I've been playing with various arrangements of this for several years now. Bush beans will be no problem planted in front -sunny side- of the corn.

Only wrinkle is when you want to hill the corn. If you can wait until corn is hilled once, and you don't need to hill again, you can pull the soil up along the row, THEN sow your beans about a foot in front. Otherwise, leave sufficient room to drop shovelfulls of soil to hill the corn with without burying the beans.

Pole beans have variously pulled down the corn when variety of corn is too short/wimpy and beans is too vigorous, blocked pollination, or kept on growing after corn was harvested, forcing me to leave the stalks standing to eventually get moldy and weak and fall over. Still trying different combinations and timing for that one, but late maturing extra tall field/dent/flour corn and beans meant for dry shelling seems to work out the best.

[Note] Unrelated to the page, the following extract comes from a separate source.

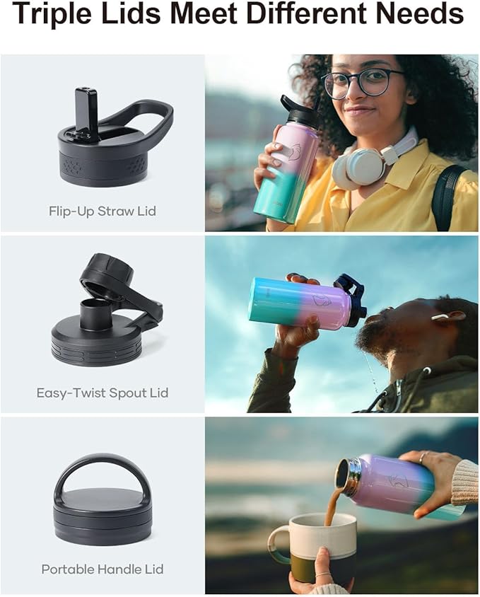 - Super Deal Combo: Buy 32oz insulated water bottle, get 7 accessories. The pack includes 1 x carrying pouch, 3 x lids, 2 x straws, and 1 x straw cleaner. This bottle is ideal for camping, hiking, cycling, running, gym sessions, or outdoor work, ensuring you stay hydrated wherever you go.

I have been more convinced of growing peas and fava beans in the same bed where corn will go in later, leaving sufficient row space in between pea rows. No fava beans this year, but I left trenches between pea rows to plant the corn so I can hill with soil from the raised pea rows, but it's still too early in the experiment to tell if this is going to work.

Yes, and like Lindsay said, go with blocks rather than long rows of corn. If you didn't have the corn already growing in cups, you could stagger the planting times -- corn, beans, corn, beans. I'm trying to delay some of my already started corn by keeping them in the cooler outside space while the ones I want to hurry up are inside under the lights.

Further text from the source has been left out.